WHAT NEEDS TO BE DONE> Repeat the following entries verbatim, apart from the pictures.

Recorded data:
+ + + + + + +
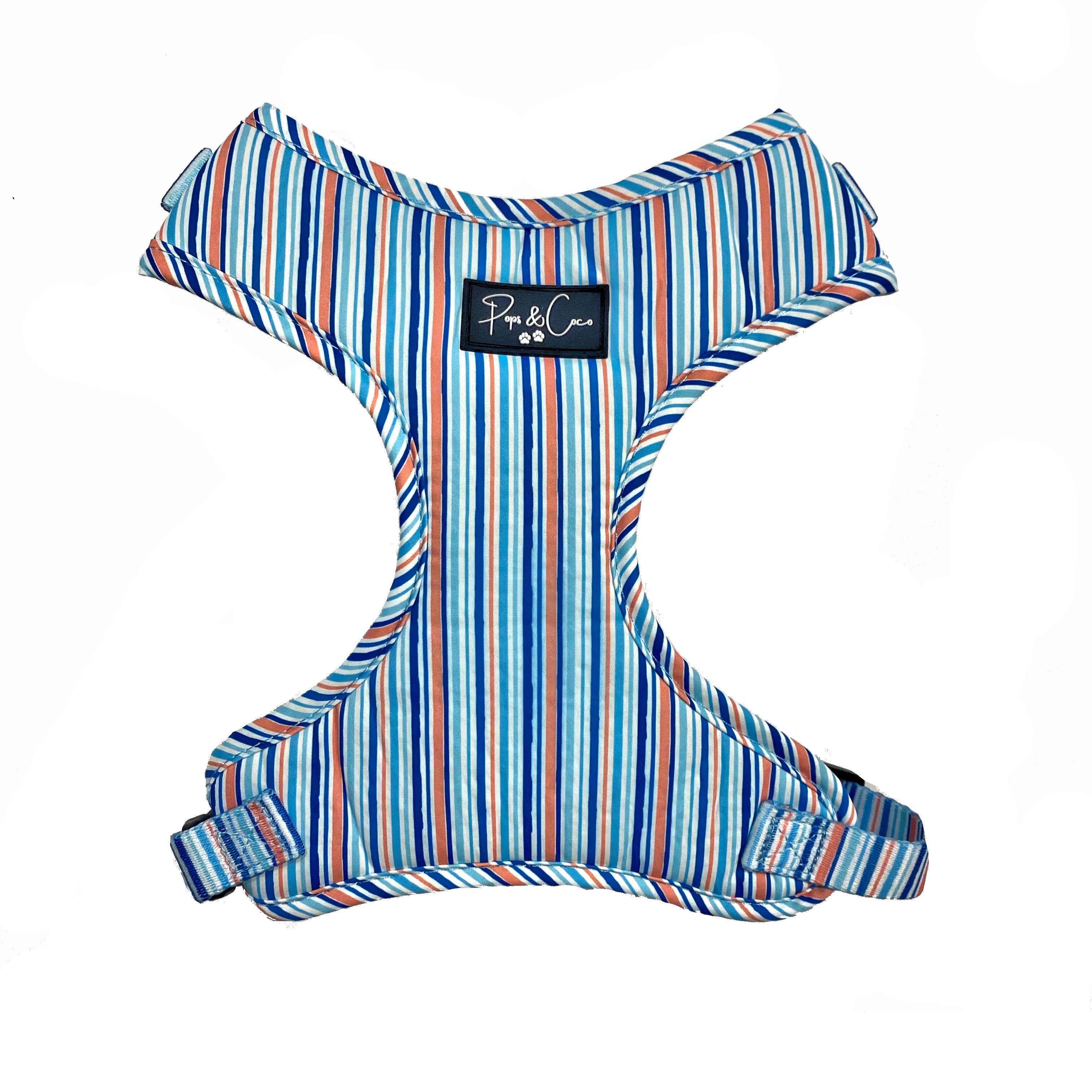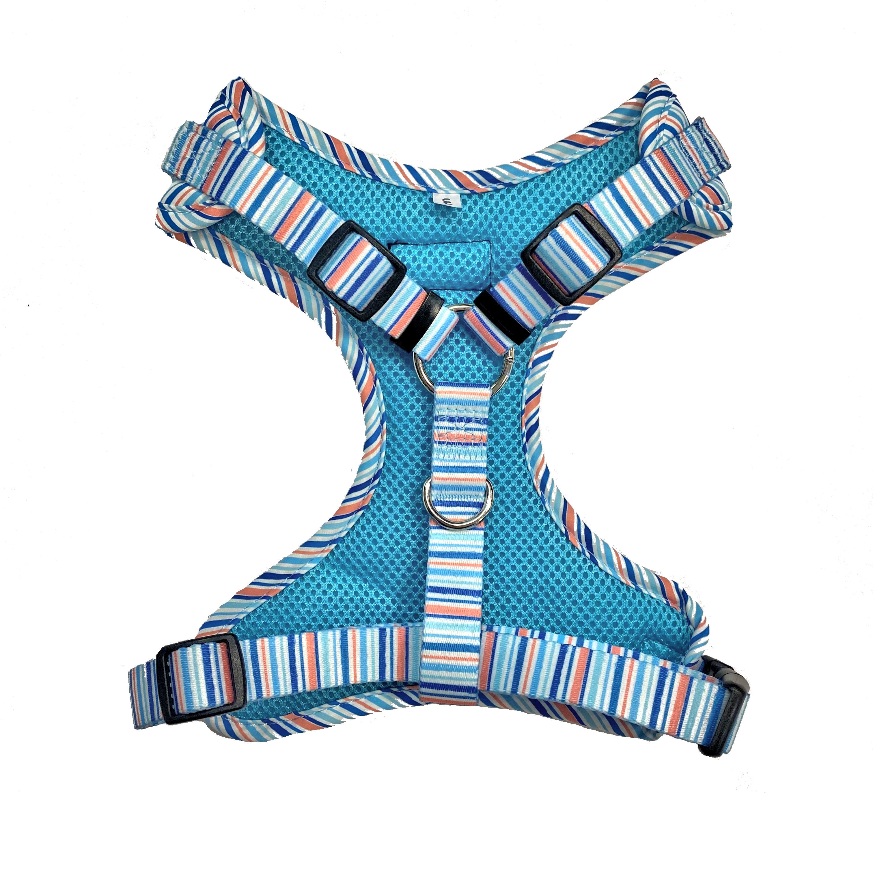 Smarty Pants is one of our fully adjustable harnesses with beautiful rose gold hardware - meaning you can adjust the neck and the chest. It has pattern matched straps too - the perfect choice for a fashionable pooch! It has a d-ring attachment for your lead and ID tags too!
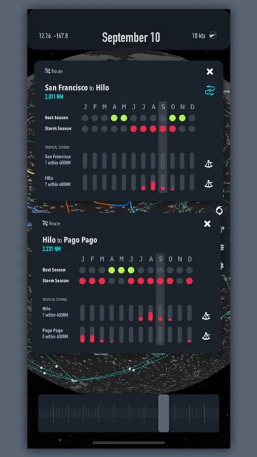 - Routes show when it's storm season and when it is the best time to go.
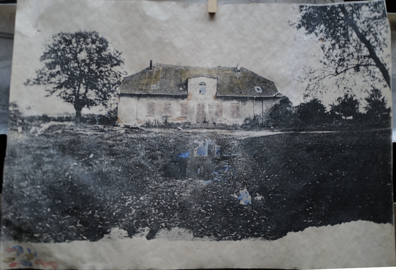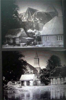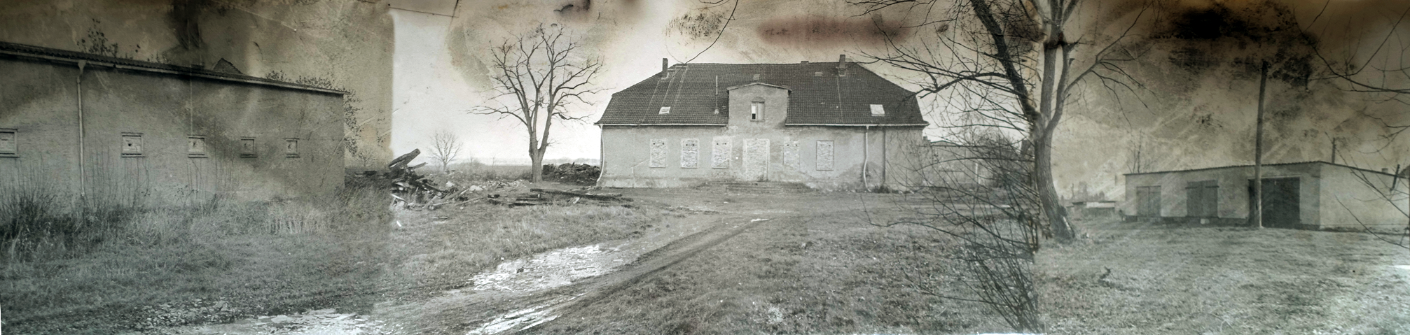 3 Fotos aneinander montiert damals. Links der Reste der Zur LPG - Halle gewordenen Scheune ursprünglich
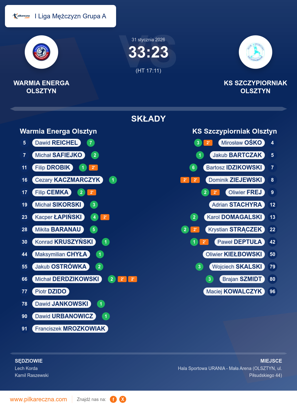 Warmia Energa Olsztyn 33–23 KS Szczypiorniak Olsztyn
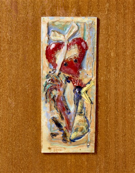 Sideboard in the style of Ico Parisi in veneered wood with doors decorated with ceramics by Teodoro Russo. Italy, 1950s. (266x103.5x46 cm.) (slight defects)
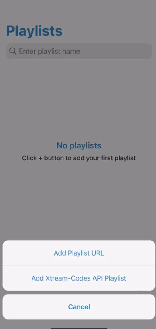 Käynnistä sovellus ja napauta plusmerkkiä alakulmassa. Valitse sitten “Lisää Xtream-Codes API -soittolista”.
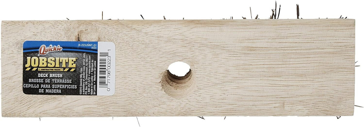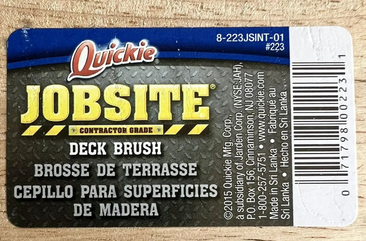 (1) NEW QUICKIE JOBSITE DECK BRUSH MANUFACTURED BY QUICKIE MANUFACTURING COMPANY MPN #233 or 8-223JSINT-01 UPC# 071798002231. THIS IS A CONTRACTOR GRADE NATURAL FIBER BLEND STIFFFFF BRUSH FOR SERIOUS CLEANING AND HARD SCRUBBING. FOR SCRUBBING BRICK, CONCRETE, WOOD, PATIO, DECK, AROUND THE POOL DECK, CLEAN YOUR PATIO OR CHIMNEY EXTERIOR, ETC, WHERE MORE CLEANING HORSEPOWER IS REQUIRED. STIFFY TOUGH AND HARD NATURAL FIBER BLEND BRISTLES ARE 1" tall, ON 9" x 2 1/2" REAL WOOD BLOCK, IN A TRADITIONAL UNION MIX, AND PROVIDE AMPLE SCRUBBING POWER. A THREADED POLE IS REQUIRED (standard threaded paint or mop pole), NOT INCLUDED IN THIS SALE. YOU WILL RECEIVE ONE (1)
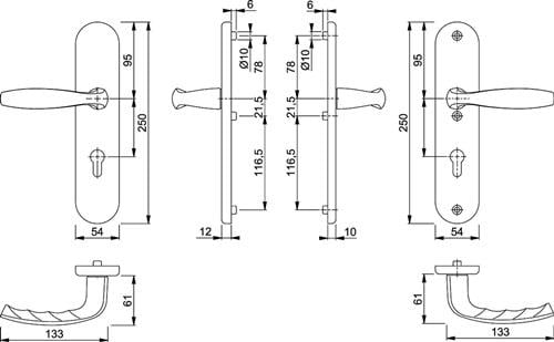 - innen: loser Türgriff, Schnellstift-Verbindung (mit HOPPE-FDW-Vollstift, abgesetzter Stift bei Variante 10 mm)
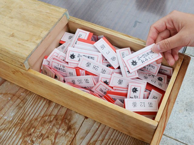 当社には種々のおみくじがありますが、特に上社にある「皿投げみくじ」はおみくじだけでなく、素焼きの皿(かわらけ)3枚に願い事を書いて目標の輪に向かって投げ、見事輪の中を通れば願いが叶うとされています。
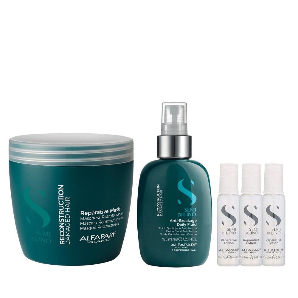 Kit Alfaparf Semi Di Lino Reconstruction - Máscara 500ml + Fluído 125ml + 3x Ampola 13ml
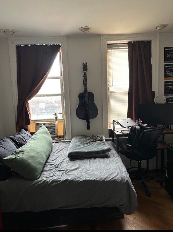 We have one bedroom available April 1st (possibly sooner) for a roommate in a spacious 4bd/1.5bath apartment steps away from the Steinway M/R stop. The room is large enough to fit a queen sized bed, dresser, desk, and has a large closet.
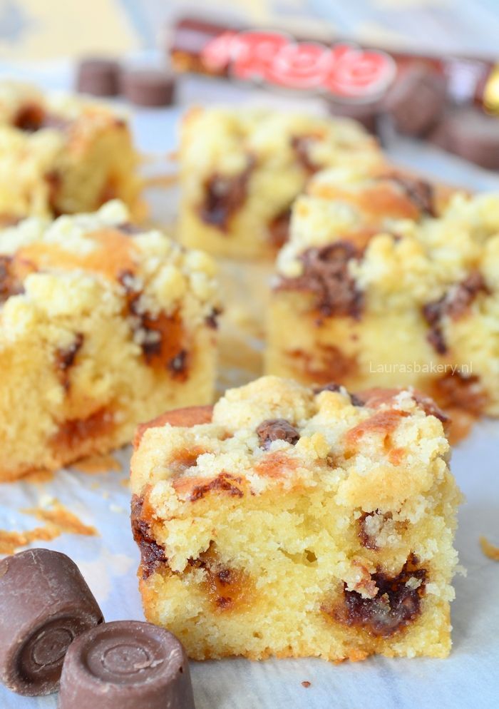 Ik heb deze crumble cake al meerdere keren gemaakt. Met rolo,heerlijk.
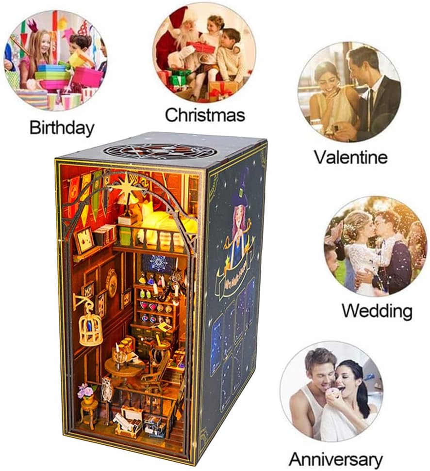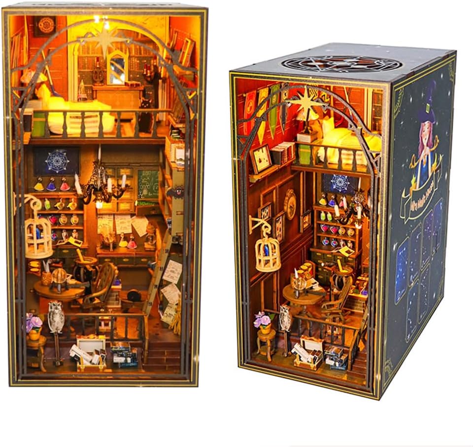 إدراج رف الكتب/ديكور المنزل: زاوية الكتاب عبارة عن مبنى قابل للتحصيل أو ديكور رف الكتب. كما أنها مجموعة يدوية مليئة بالتحديات، يجب أن تكون جميع المشاهد تقريبًا من صنعك. ديكور منزلي أنيق داخل رف الكتب أو على المكتب. تبدو رائعة في الظلام مع إضاءة الأضواء.
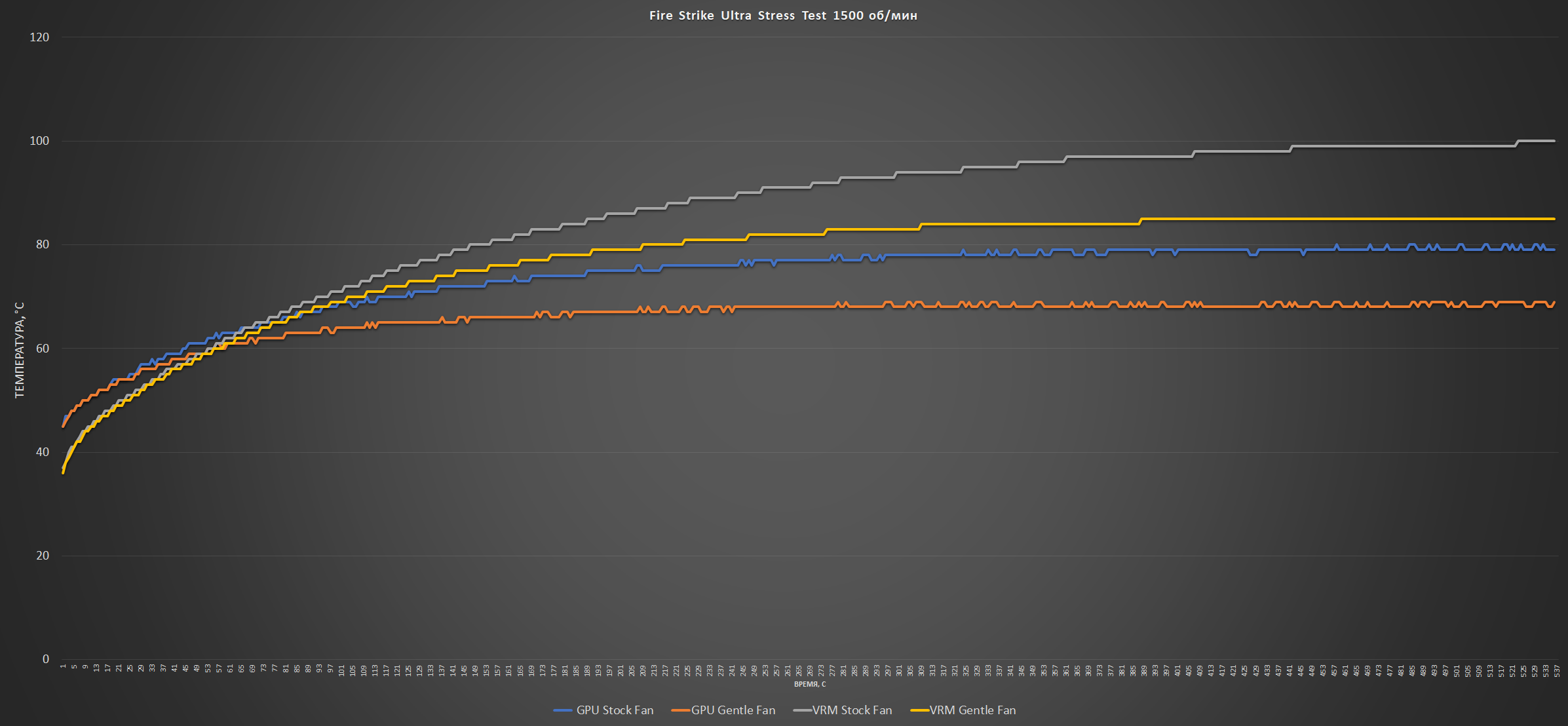 На фиксированных 1500 оборотах в минуту Gentle Typhoon вырывается значительно вперед: 69 °C против 80 °C на GPU и 85 °C против 100 °C на VRM, а по среднему 7 °C и 8 °C.
+ + + + + + +
RESPONSE AREA>
 Smarty Pants is one of our fully adjustable harnesses with beautiful rose gold hardware - meaning you can adjust the neck and the chest. It has pattern matched straps too - the perfect choice for a fashionable pooch! It has a d-ring attachment for your lead and ID tags too!
 - Routes show when it's storm season and when it is the best time to go.
 3 Fotos aneinander montiert damals. Links der Reste der Zur LPG - Halle gewordenen Scheune ursprünglich
 Warmia Energa Olsztyn 33–23 KS Szczypiorniak Olsztyn
 Sideboard in the style of Ico Parisi in veneered wood with doors decorated with ceramics by Teodoro Russo. Italy, 1950s. (266x103.5x46 cm.) (slight defects)
 Käynnistä sovellus ja napauta plusmerkkiä alakulmassa. Valitse sitten “Lisää Xtream-Codes API -soittolista”.
 (1) NEW QUICKIE JOBSITE DECK BRUSH MANUFACTURED BY QUICKIE MANUFACTURING COMPANY MPN #233 or 8-223JSINT-01 UPC# 071798002231. THIS IS A CONTRACTOR GRADE NATURAL FIBER BLEND STIFFFFF BRUSH FOR SERIOUS CLEANING AND HARD SCRUBBING. FOR SCRUBBING BRICK, CONCRETE, WOOD, PATIO, DECK, AROUND THE POOL DECK, CLEAN YOUR PATIO OR CHIMNEY EXTERIOR, ETC, WHERE MORE CLEANING HORSEPOWER IS REQUIRED. STIFFY TOUGH AND HARD NATURAL FIBER BLEND BRISTLES ARE 1" tall, ON 9" x 2 1/2" REAL WOOD BLOCK, IN A TRADITIONAL UNION MIX, AND PROVIDE AMPLE SCRUBBING POWER. A THREADED POLE IS REQUIRED (standard threaded paint or mop pole), NOT INCLUDED IN THIS SALE. YOU WILL RECEIVE ONE (1)
 - innen: loser Türgriff, Schnellstift-Verbindung (mit HOPPE-FDW-Vollstift, abgesetzter Stift bei Variante 10 mm)
 当社には種々のおみくじがありますが、特に上社にある「皿投げみくじ」はおみくじだけでなく、素焼きの皿(かわらけ)3枚に願い事を書いて目標の輪に向かって投げ、見事輪の中を通れば願いが叶うとされています。
 Kit Alfaparf Semi Di Lino Reconstruction - Máscara 500ml + Fluído 125ml + 3x Ampola 13ml
 We have one bedroom available April 1st (possibly sooner) for a roommate in a spacious 4bd/1.5bath apartment steps away from the Steinway M/R stop. The room is large enough to fit a queen sized bed, dresser, desk, and has a large closet.
 Ik heb deze crumble cake al meerdere keren gemaakt. Met rolo,heerlijk.
 إدراج رف الكتب/ديكور المنزل: زاوية الكتاب عبارة عن مبنى قابل للتحصيل أو ديكور رف الكتب. كما أنها مجموعة يدوية مليئة بالتحديات، يجب أن تكون جميع المشاهد تقريبًا من صنعك. ديكور منزلي أنيق داخل رف الكتب أو على المكتب. تبدو رائعة في الظلام مع إضاءة الأضواء.
 На фиксированных 1500 оборотах в минуту Gentle Typhoon вырывается значительно вперед: 69 °C против 80 °C на GPU и 85 °C против 100 °C на VRM, а по среднему 7 °C и 8 °C.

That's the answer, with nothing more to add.